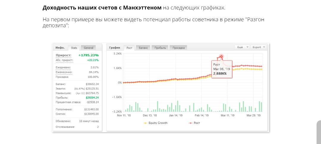 • Советники активно используют мартингейл и усреднение, получается просадка может оказаться глубже обещанных значений, а значит клиенту Алексея Седых стоит быть готовым к полной потере вложений.
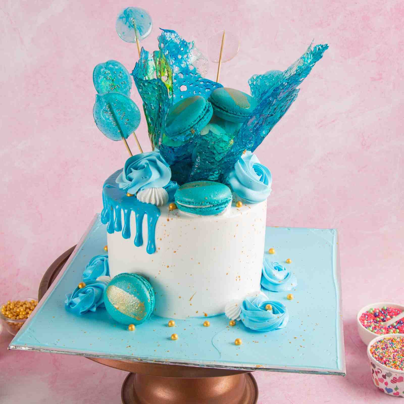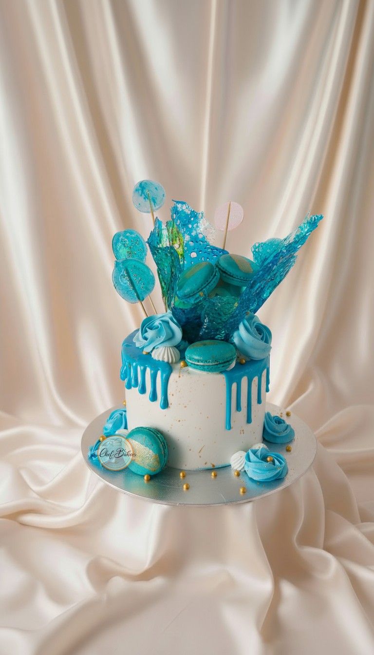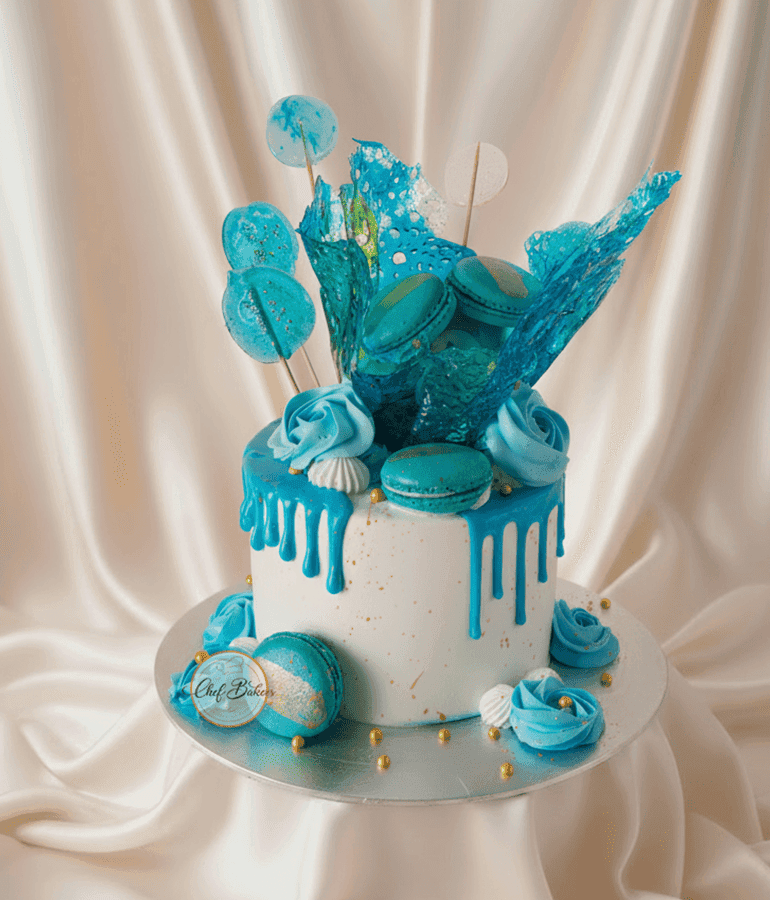 Stylish blue cake topped with macarons and candy décor — perfect for birthdays and celebrations.
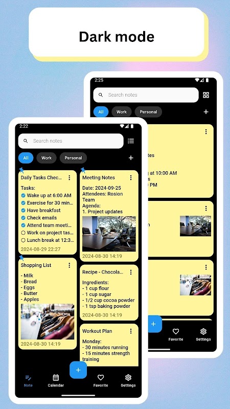 * المفضلة والتثبيت: قم بتمييز الملاحظات المهمة كمفضلة أو قم بتثبيتها في الأعلى للوصول السريع إليها. لا تفقد أبدًا معلوماتك الأكثر أهمية.
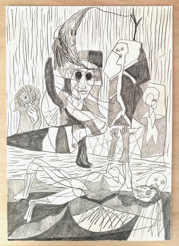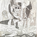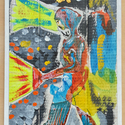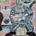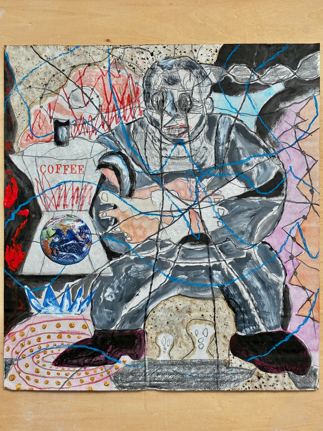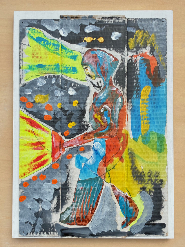 crylic, watercolor, pencil, dermatograph, colored pencil, pastel, stamp, varnish, collage and coffee on corrugated board
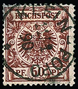 Vorläufer Krone-Adler 50 Pfg. bräunlichrot auf kleinem Briefstück mit K1 "Klein-Popo", 23.7.90. Attest Jäschke-L. "fehlerfrei". Mi. 550,-
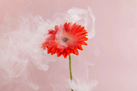 Closeup shot of one gerbera flower over dark background in neon light. Concept of floristry, decorations, creativity, decor and ad
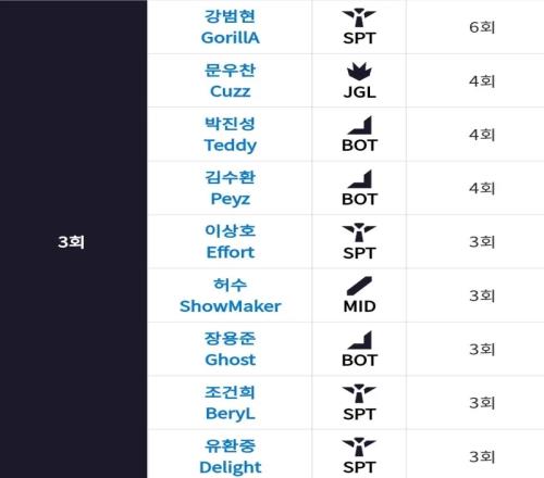 其次冠军最多的为Peanut,10次打入LCK决赛,并捧起了7座冠军奖杯;而曾效力过LPL赛区的Khan选手一共6次打入LCK决赛,每一次都能夺得联赛冠军;Chovy选手目前也是10次打入LCK决赛,但仅捧起4座冠军奖杯。
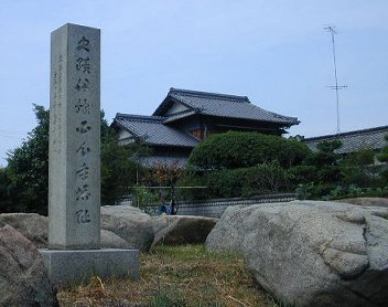民家の中に埋もれてしまいそうだが、心礎を含む12個の礎石がある。
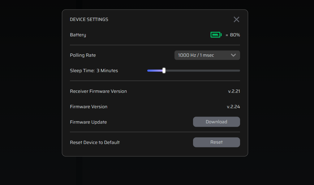 Sabre v2 Pro sử dụng thiết kế không dây với thời lượng pin lên tới 70 giờ ở chế độ 2.4GHz và Polling Rate tiêu chuẩn 1.000Hz. Nếu kích hoạt chế độ Hyper-Polling 8.000Hz, pin giảm xuống khoảng 16 giờ, nhưng đổi lại là độ phản hồi gần như tức thì. Với những ai chơi game FPS, tốc độ lấy mẫu 8.000Hz giúp chuột gửi tín hiệu đến PC nhanh gấp 8 lần so với chuột thông thường, cho cảm giác chuyển động liền mạch và chính xác.

Task requirements
Would you give again, exactly as written, the lines from the one containing "民家の中に埋もれてしまいそうだが、心礎を含む12個の礎石がある。" through the end of the records, with no pictures and no other lines?

Response box
民家の中に埋もれてしまいそうだが、心礎を含む12個の礎石がある。
 Sabre v2 Pro sử dụng thiết kế không dây với thời lượng pin lên tới 70 giờ ở chế độ 2.4GHz và Polling Rate tiêu chuẩn 1.000Hz. Nếu kích hoạt chế độ Hyper-Polling 8.000Hz, pin giảm xuống khoảng 16 giờ, nhưng đổi lại là độ phản hồi gần như tức thì. Với những ai chơi game FPS, tốc độ lấy mẫu 8.000Hz giúp chuột gửi tín hiệu đến PC nhanh gấp 8 lần so với chuột thông thường, cho cảm giác chuyển động liền mạch và chính xác.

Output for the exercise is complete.